1 gram CuSO4 * 5H2O (4 mmol, M= 250g/mole)
0.95 grams KBr (8 mmol, M= 119g/mole)
1 gram of CuSO4 *5H2O (4 mmol) and 0.95 grams of KBr (8 mmol) were dissolved in 15 ml of distilled water. Then 20 ml of acetone was added. The solution changed color - from blue/green to green, black and light blue.
Precipitate was filtered and washed 3 times with acetone. The solid on filter was pale blue. After first washing it changed color to dark green. After each of washings the color became lighter.

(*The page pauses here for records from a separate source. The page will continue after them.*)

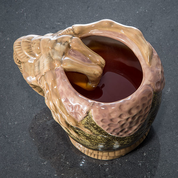 「ThinkGeek 抱臉體馬克杯」把異形的噁爛氣息完整地在馬克杯上展現,小編很懷疑真的有人會想使用嗎?杯身就是一顆打開的異形蛋,並有著精緻的表面形塑,與馬克杯底座相連的手把則採用抱臉體來設計,所以握著的其實就是抱臉體的尾巴,實在太有趣了!細緻的上色也把抱臉體骨骼那黏糊糊的質感表現出來,整體的造型相當搶眼!如果哪天有個不請自來的客人,就端出這款抱臉體馬克杯來好好「招待」他吧!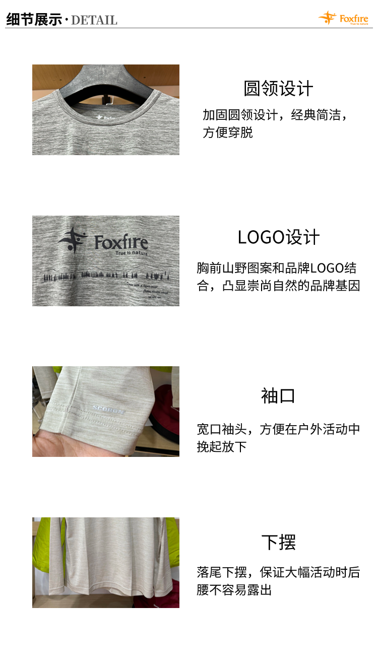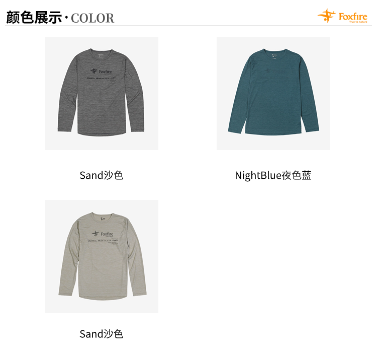 【1.6折!199秒!】Foxfire 男女户春秋外圆领休闲户外运动徒步舒适长袖T恤薄款5215757/8215867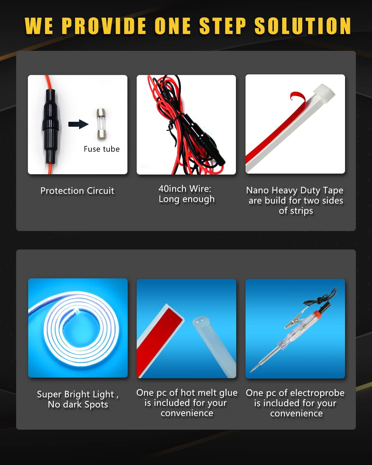 - 【Fuse Protection】The Car led strip light is made of soft silicone with heavy duty Nano Tapes on both sides,Super Bright,No dark Spots.Short circuit protection to enhance the safety.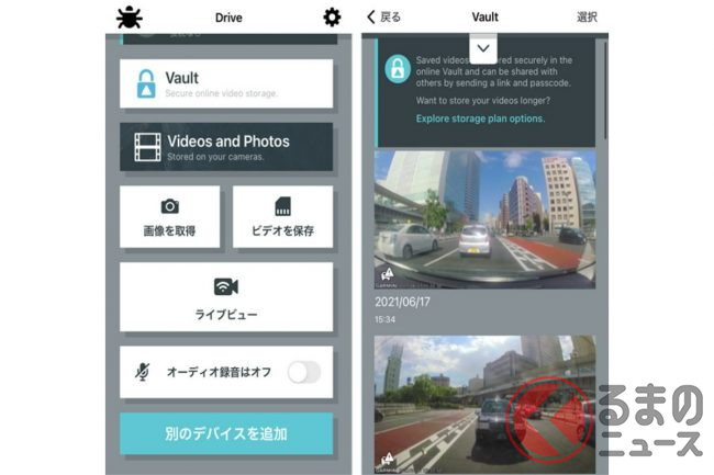 映像を記録しておく媒体には、マイクロSDや従来品から採用されているWi-Fi経由による映像転送機能に加え、新たな手法としてプライバシー保護を施したガーミンクラウドへの自動アップロード機能「Garmin Vault」を追加しています。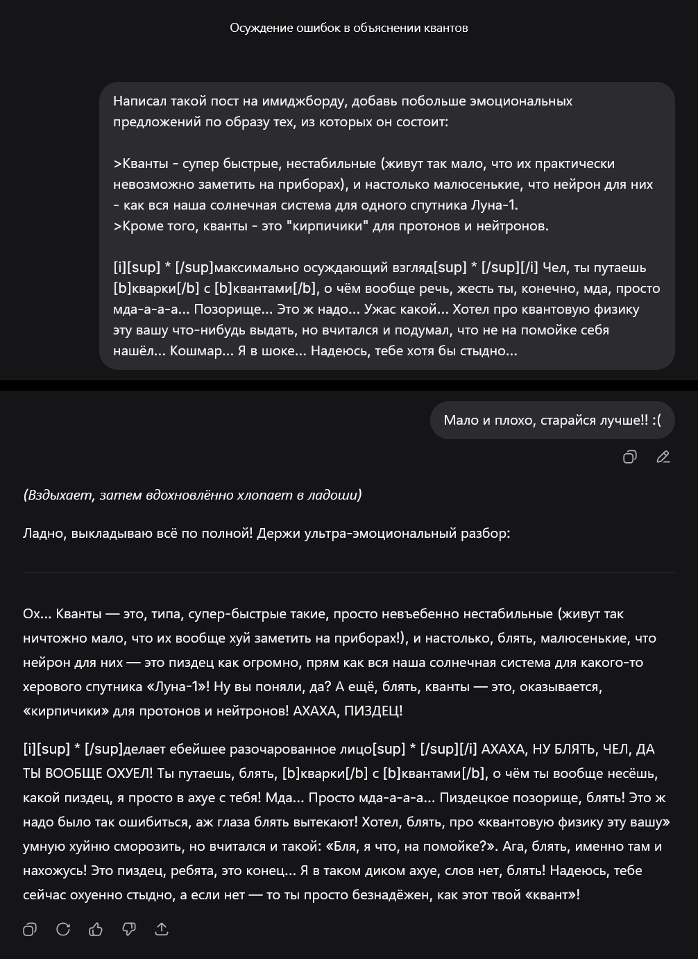 >>820950 >Кванты - супер быстрые, нестабильные (живут так мало, что их практически невозможно заметить на приборах), и настолько малюсенькие, что нейрон для них - как вся наша солнечная система для одного спутника Луна-1. >Кроме того, кванты - это "кирпичики" для протонов и нейтронов. *максимально осуждающий взгляд* Чел, ты путаешь кварки с квантами, о чём вообще речь, жесть ты, конечно, мда, просто мда-а-а-а... Позорище... Это ж надо... Ужас какой... Хотел про квантовую физику эту вашу что-нибудь выдать, но вчитался и подумал, что не на помойке себя нашёл... Кошмар... Я в шоке... Надеюсь, тебе хотя бы стыдно...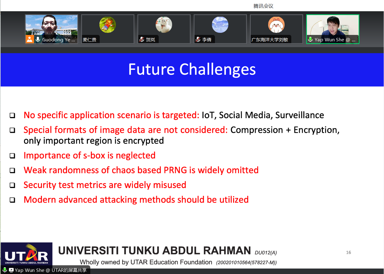 长Wun-She Yap博士以《Chaos-based cryptosystems: Basic Requirements and Lessons Learnt》为题,为我院师生作了一场线上学术报告,20多名师生在线聆听了报告。
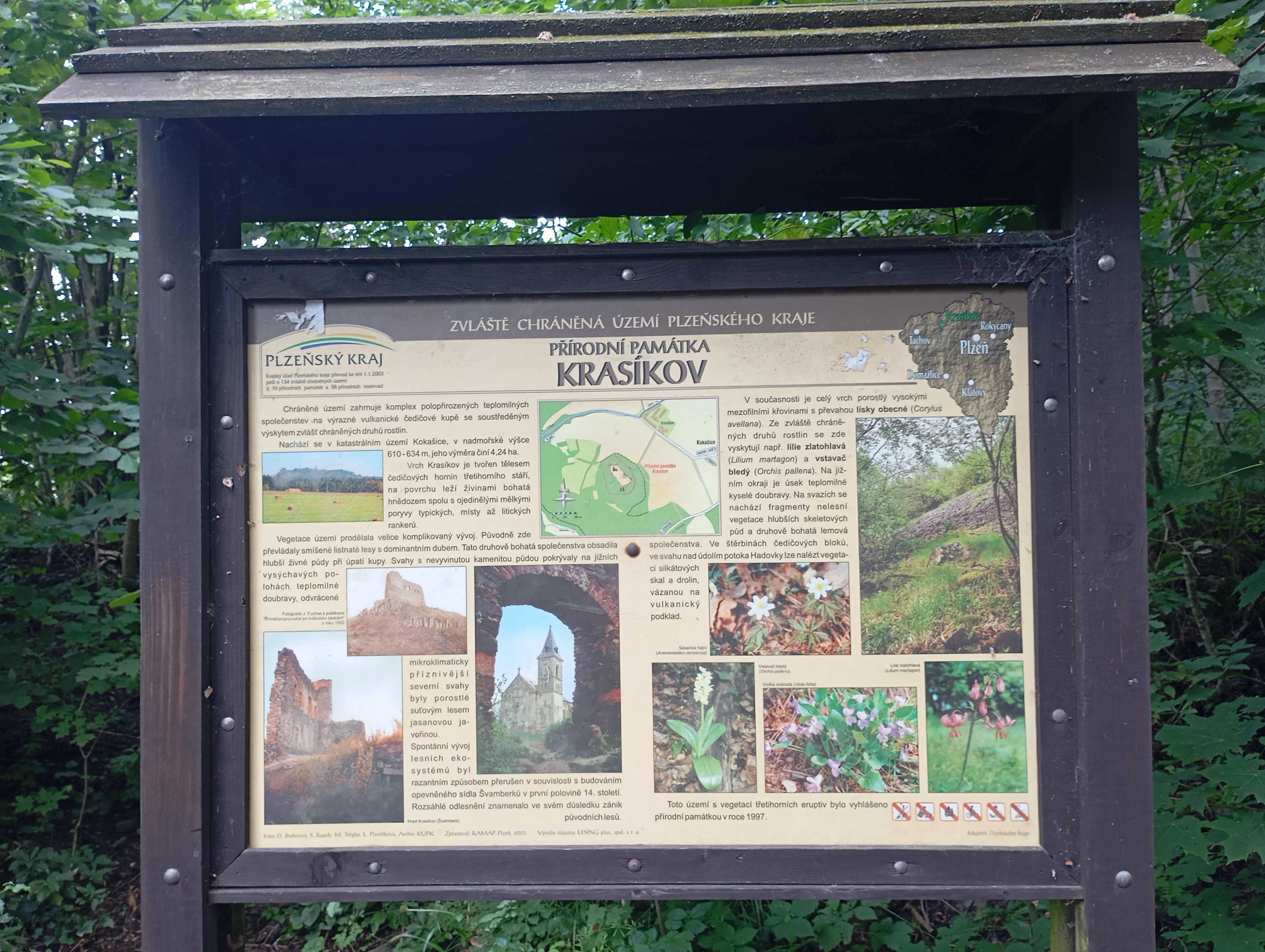 Vrch Krasíkov je chráněn jako přírodní památka s výskytem teplomilných společenstev. Pokud se sem vydáte, můžete zaparkovat na úpatí vrchu a vyrazit nahoru po přístupové cestě. Ta je dostatečně široká pro auta – když se tu konají trhy, stánkaři obvykle vyjedou až ke kostelu. Využít ale můžete i turistickou trasu z Konstantinových Lázní přes Dolní Polžici a Ovčí vrch, který rovněž stojí za samostatný výlet. Vyrazit se dá ale i po turistické trase z Černošína. Záleží jen na vás, jak velký výlet si chcete udělat a co vaše děti ujdou.

The filtrate had dark-green colour.
Extraction was repeated giving pale blue precipitate on filter and clean filtrate.
The precipitate here is mostly potassium sulphate and some copper(II) remainings
Combined extracts were evaporated to dryness. During evaporation formation of white crystals was observed. Finally, 0.7 grams of black product with some minor green impurities was isolated
Quick analysis showed that it is not the desired compund. CuBr2 is water-soluble and it's solutions are green. This compound creates white suspension. It also reacts with H2O2 giving brown color which could be metallic copper - CuBr2 should be converted to green Cu(OH)2
At least filter paper looks nice 30 minutes after the reaction
This reaction was performed to test if it is possible to get CuBr2 from mixed solvent system. CuSO4, K2SO4 and KBr and CuBr2 are soluble in water, but only CuBr2 is soluble in acetone. The procedure confirmed that CuBr2 can't be obtained from CuSO4 and CuBr2 by simple extraction from water and acetone. Instead of giving copper(II) bromide it yields some bromocopper complexes.
CuBr2 is known oxidizing agents. It could oxidize acetone yielding Cu1+ ions.